[Records from a collection]
·····
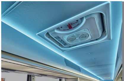
Industry standard hatch with added ventilation
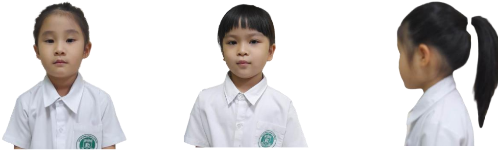
Boy's front and side view
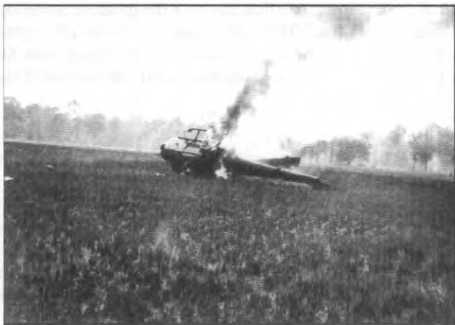
Binh Gia, Vietnam, February 1965.
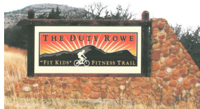
Duty Rowe Fit Kids Fitness Trail Way System and proposed signage

Roxanne Turley Natural Resource Planner US Fish and Wildlife Service, Region 2 500 gold Ave. SW Albuquerque, NM 87102 Phone: (505) 248-6636 Email: Roxanne_turley@fws.gov
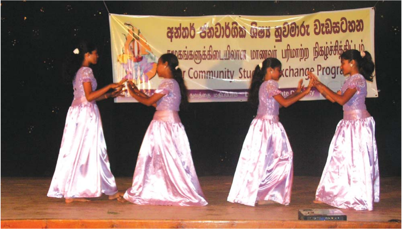
A dance performance – cultural show of the Camp held at A/Zahira Vidyalaya
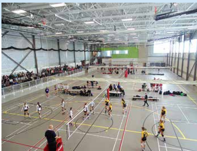
Volleyball tournament in the Feature Gym
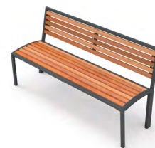
CAMILLA - SW
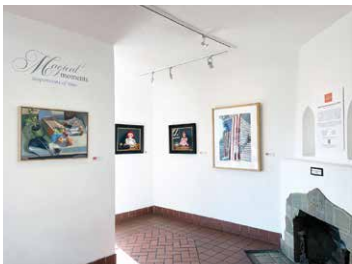
Magical Moments: Suspensions of Time

The foaSouth gallery is part of the Festival's commitment to providing year-round art experiences for the public. As a nonprofit organization, the Festival of Arts supports the arts in and about Laguna Beach through exhibitions,
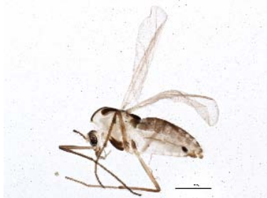
BIOUG05514-D06 [Lateral] Paraphaenocladus impensus
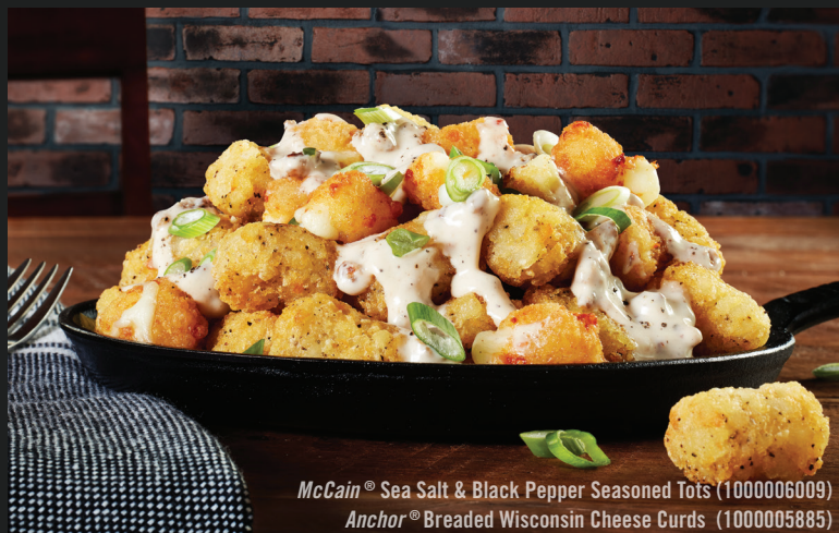
McCain® Sea Salt & Black Pepper Seasoned Tots (1000006009) Anchor® Breaded Wisconsin Cheese Curds (1000005885)
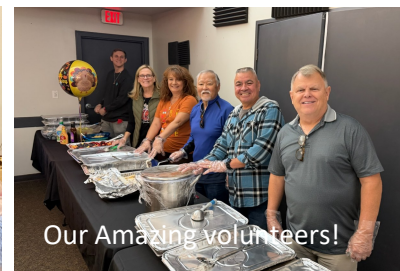
Our Amazing volunteers!
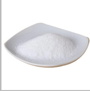
Triple Refined Salt
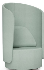
Circles chair high
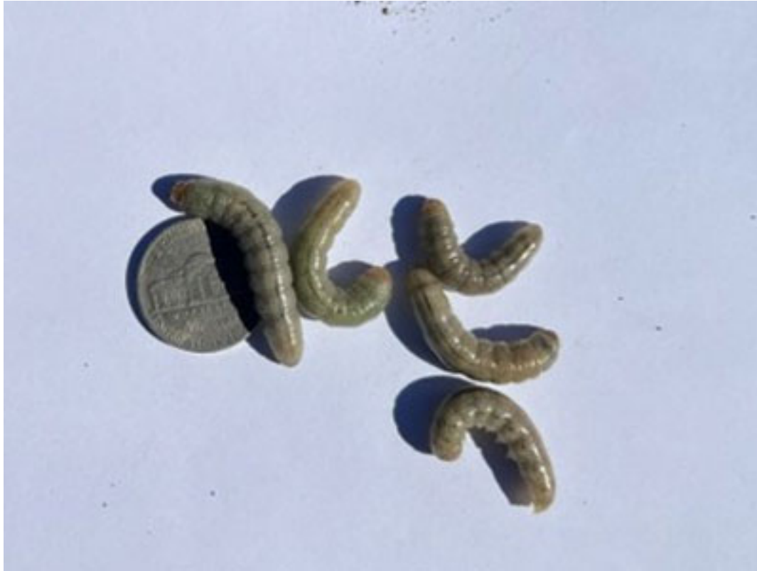
Figure 1. Pale western cutworm caterpillars found in a damaged wheat field.

Pale western cutworm ( Agrotis orthogonia ), an infrequent pest of wheat in western Kansas, has been active this spring. This pest benefits from drought conditions, and it appears that the drier weather pattern of the last few seasons has allowed populations to build up in some areas. Outbreaks of this caterpillar are usually sporadic and can occasionally cause highly localized, extreme damage. Suspected pale western cutworm damage was reported from fields in northwest Kansas in 2025, and this month, a wheat field in Wichita County suffered noticeable damage, and active pale western cutworm caterpillars were found (Figure 1).
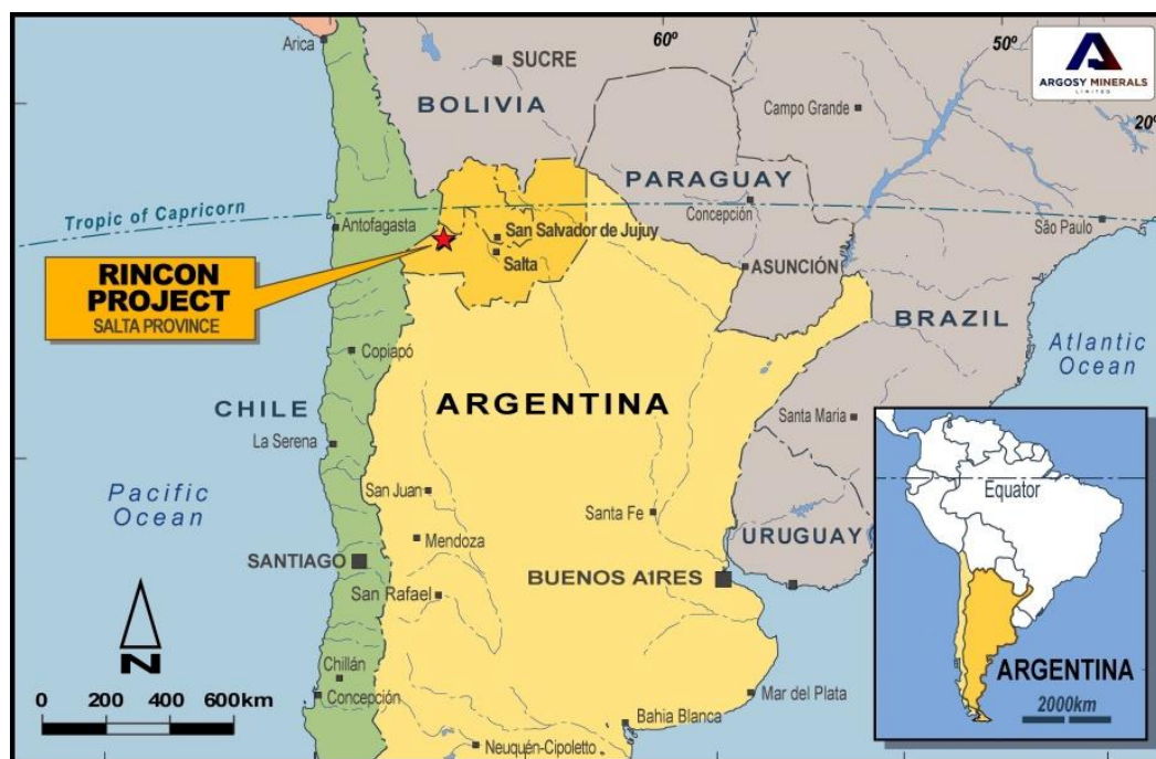
Argosy Minerals Limited – Rincon Lithium Project Location Map
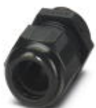
Cable gland, Cable gland material: Polyamide 6, External cable diameter 11 mm ... 17 mm, Shielding: No, Connecting thread: M25, Color: jet black RAL 9005

Cable gland - G-INS-M25-M68N-PNES-BK - 1411134
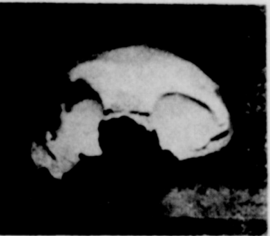
MAN OR APE? — The skull in the picture above was taken out of a cave in Terrell County by a local man who was digging for Indian artifacts. Along with the skull were some bones thought to be arm or leg bones and a skull plate much bigger than the skull shown above. The bones were found buried under rocks and apparently had not been covered accidentally.
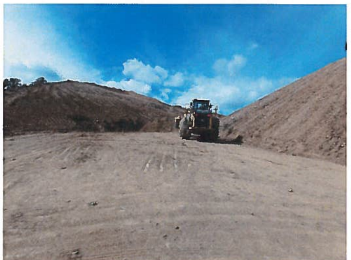
Figure 6: Upper extent of the access road construction
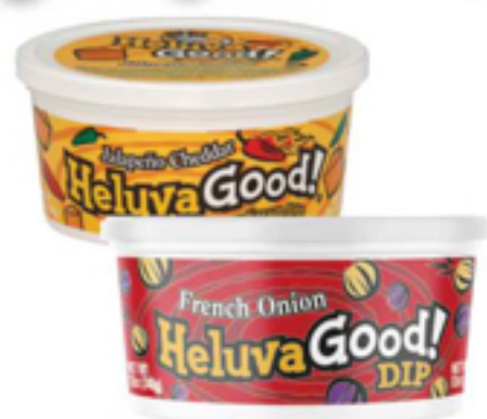
Heluva Good! Dips Select Varieties 12 oz.
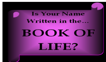
Book of Life
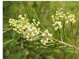
Whorled Milkweed Asclepias verticillata Prairies and open areas.
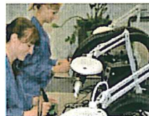
Very silent operation - for all environments
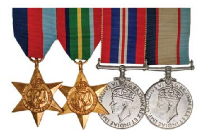
3205* Group of Four to POW died on 1st Sandakan Death March: 1939-45 Star; Pacific Star; War Medal 1939-45; Australia Service Medal 1939-45. VX60012 D.C.C.Wraight. All medals impressed. Swing mounted, nearly uncirculated.
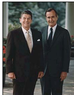
Ronald Wilson Reagan is attached to the incomplete 1991 Gulf War defeat of Saddam Hussein’s Iraq
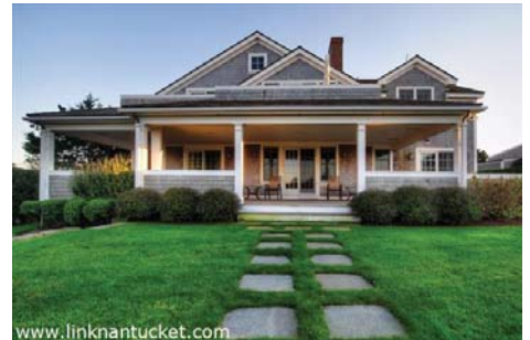
7 Village Way enjoys spectacular afternoon light which can be enjoyed from the porch or
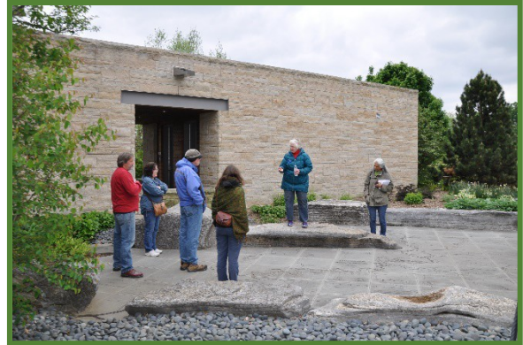
A docent-led tour underway in the botanic gardens
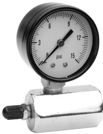
Gas Test Gauge
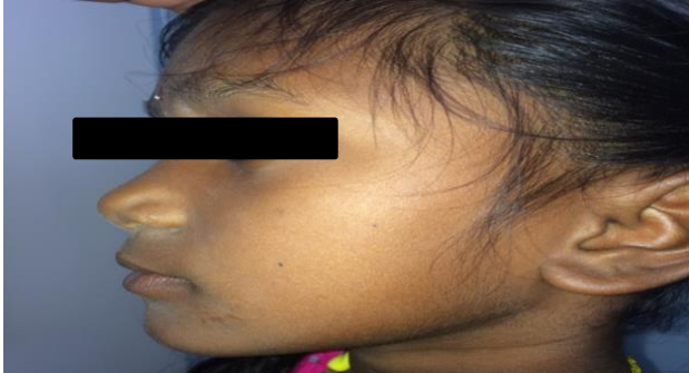
Figure 7: Minimal scar present.

Post-operative orthopantomography (OPG) confirmed the placement of plate and screws below the tooth buds. (Figure 3). There was a mild deviation of the jaw that was corrected with physiotherapy. The patient was under regular follow up and after a period of 8 months, the plates and screws were removed (Figure 4).
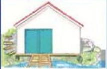
6. BOAT HOUSE
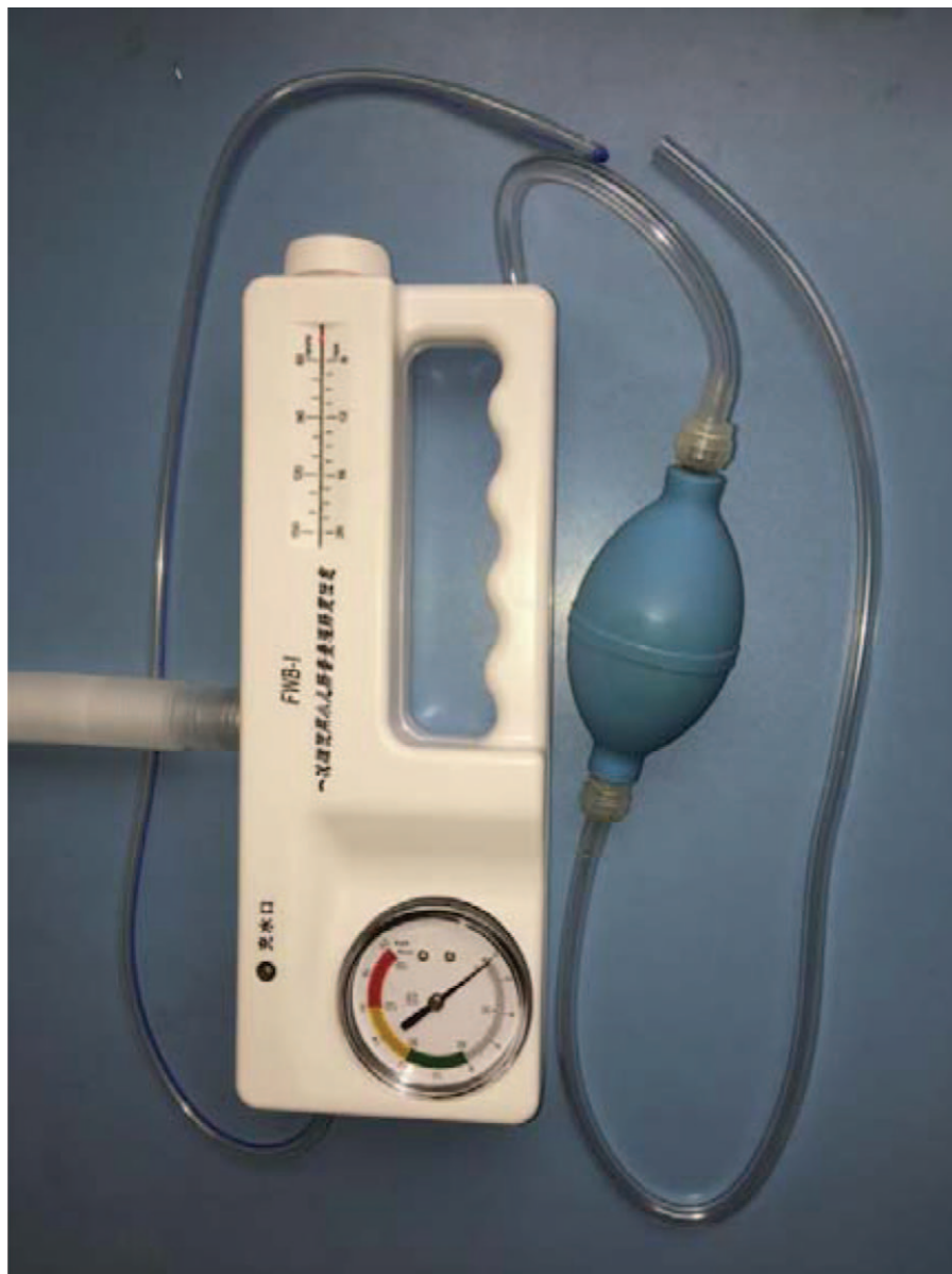
Figure 1. Photo of the apparatus of hydrostatic reduction.

in intussusception, and absence of blood flow in the intussusception.
·····
Word for word, repeat the lines above from the one with "Argosy Minerals Limited" through the one with "3205* Group of", and nothing beyond them. Omit the pictures.

Problem solution:
Argosy Minerals Limited – Rincon Lithium Project Location Map
Cable gland, Cable gland material: Polyamide 6, External cable diameter 11 mm ... 17 mm, Shielding: No, Connecting thread: M25, Color: jet black RAL 9005

Cable gland - G-INS-M25-M68N-PNES-BK - 1411134
MAN OR APE? — The skull in the picture above was taken out of a cave in Terrell County by a local man who was digging for Indian artifacts. Along with the skull were some bones thought to be arm or leg bones and a skull plate much bigger than the skull shown above. The bones were found buried under rocks and apparently had not been covered accidentally.
Figure 6: Upper extent of the access road construction
Heluva Good! Dips Select Varieties 12 oz.
Book of Life
Whorled Milkweed Asclepias verticillata Prairies and open areas.
Very silent operation - for all environments
3205* Group of Four to POW died on 1st Sandakan Death March: 1939-45 Star; Pacific Star; War Medal 1939-45; Australia Service Medal 1939-45. VX60012 D.C.C.Wraight. All medals impressed. Swing mounted, nearly uncirculated.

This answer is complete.